Not only have I made changes in this certain situation, but I have also made changes in my life physically.
I am back to working out with a trainer 3 days a week, and have been now for about 14 days now. It’s painful, it’s hard work, but I am getting fit and feeling absolutely wonderful! I am eating clean and healthy, and I dont think I have felt this great in a long time.
Change has also been happening in my healing – My therapist and I have this new bond that I never really felt before in my 5+ years of working through my healing, and it has opened me up to really be OPEN with no fear, none at all. I feel I can get to the core of anything and feel safe!
I have come to realize a different side to my healing in this chaos of a year I have had, and it has open up more trust, connection, care, and support in therapy that I never allowed myself to feel before, or think I was worth – today I know different.
I believe that this new found part in my healing in therapy, is what also got me to get back into weight lifting. It gave me a new sense of self worth – and I thank my therapist for helping me to open that door by ONE WORD “change” ..
It’s not about ME – it’s about someone else, but I am willing to make the change for me, even though it’s not my change to make.
This was more than 5 minutes, but today I made a change and made it 10 🙂
August 31, 2012 at 3:09 PM
So courageous a post!
I am doing the same … with a sponsor and am working on healing my body as well … a slow-carb diet to begin …

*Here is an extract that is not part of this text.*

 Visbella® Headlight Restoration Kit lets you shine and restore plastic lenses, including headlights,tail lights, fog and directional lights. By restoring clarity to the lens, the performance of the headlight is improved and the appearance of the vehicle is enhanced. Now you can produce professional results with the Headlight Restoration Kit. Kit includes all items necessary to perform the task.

I was so taken with your therapists words, “sometimes we have to make the change, because someone else won’t” . I feel a blog post of my own will stem from that; I hope you don’t mind, I will link the post here, should it be written.

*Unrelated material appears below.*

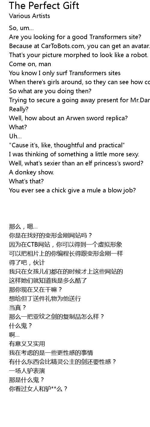 | [00:51.52] | You ever see a chick give a mule a blow job? |

I am so going through that with a few people, and while my sponsor didn’t say those exact words she did say “this is not yours” … so I change how I react or respond, not an easy task!
I’m so happy I stopped by for the 5MF!
August 31, 2012 at 5:07 PM
Hi Andrea… I am glad that my post helped! It was one of those things where my therapist and I scratched our heads for a long time around something, and it all came to change.. changing how it effected me, change how to see it, change how to move away from it, change how to perceive it.. at first I was defensive – “why should I change if I have been told time and time again it wasn’t about me” . until I realized and he made me realize something completely different .. and it worked.. it has changed MANY things like I stated in my blog.
Today in session we talked more about it, and it was a great great session! and the more and more we talk about it and work with it, the more sense it makes, and it feels good, it’s empowering not to be stuck!
September 1, 2012 at 12:47 AM
I agree. Like I said I am doing quite the same therapeutic workout with my sponsor. I am actually almost done with a workshop we are doing called “love is a choice”.
It truly is amazing how a simple phrase can do such a profound work in a soul … with just a change of the view.
I am overjoyed to hear that you are being empowered by the work you are doing.
I’d like for you to visit my tumblr account … I created a photo with that phrase … you may use it as your own, as you are the inspiration.
Go here: http://www.tumblr.com/blog/ahutch127
September 1, 2012 at 12:56 AM
Hi Andrea… I tried to access the link you gave me and it said access denied?? I wanna see … now you have me all excited 🙂
Thank you again for your responses.. it looks like we have a lot in common!
September 1, 2012 at 4:28 PM
Ok … are you on tumblr? or Facebook? The photo can be accessed both ways … but let me see … maybe you can get there with this link … it’s my photography page.
September 1, 2012 at 4:29 PM
I just sent you a friend request on FB … Andrea O’Donnell Hutchinson. 🙂
September 1, 2012 at 5:47 PM
Andrea… I LOVE IT!!!! I sent it to Andy, I am sure he will find that a GOD like thing to see that from someone who never knew me before.. that is awesome 🙂 and thank you for adding me on facebook..
September 1, 2012 at 6:21 PM
We seem to have a lot in common. My sponsor also finds that these types of encounters are “A God thing”, as she like to put it … of course I am well aware that God puts us together when it is time.